The combination of a primary mode of feedback with a secondary feedback target intervention has been studied recently. Shin et al. (50) found that the addition of a rhythmic auditory cue to visual biofeedback led to a significant improvement in symmetry ratio compared to both visual biofeedback alone and non-biofeedback controls. Cherry-Allen et al. (51) simultaneously explicitly targeted knee joint angle via visual biofeedback and step length asymmetry implicitly via split belt walking, and found similar joint angle changes in response to both the biofeedback plus split-belt treadmill group and the biofeedback only group, indicating that individuals with stroke have the capacity to target two deficits concurrently in the same session. Afzal et al. (28) showed that combined use of a haptic cane device providing kinesthetic perception and a vibrotactile device providing tactile cues on the paretic leg increased gait speed and symmetry post-stroke.

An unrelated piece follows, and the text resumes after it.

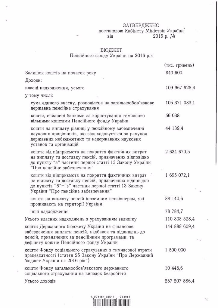 Кабінет міністрів схвалив бездефіцитний бюджет Пенсійного фонду на 2016 рік, в який закладені доходи на рівні 257,2 млрд гривень, та витрати – 256,4 млрд гривень.

The combination system incorporated input from wireless EMG sensors and smartphone measurements of trunk sway to target sub-optimal gait patterns (28). These recent studies on relatively small, homogenous samples, suggest that more research is needed for an optimal individual-specific selection of multiple biofeedback targets or for combining biofeedback with a second intervention. There is also little research surrounding the effect of combining gait biofeedback with modalities, such as motor priming (52) or non-invasive neuromodulation techniques [e.g., transcranial direct current stimulation (53, 54), repetitive transcranial magnetic stimulation (55)], on the efficacy of gait biofeedback. Additionally, the feasibility of applying more complex biofeedback protocols in clinical settings requires considerable exploration before defining algorithms that can be followed successfully.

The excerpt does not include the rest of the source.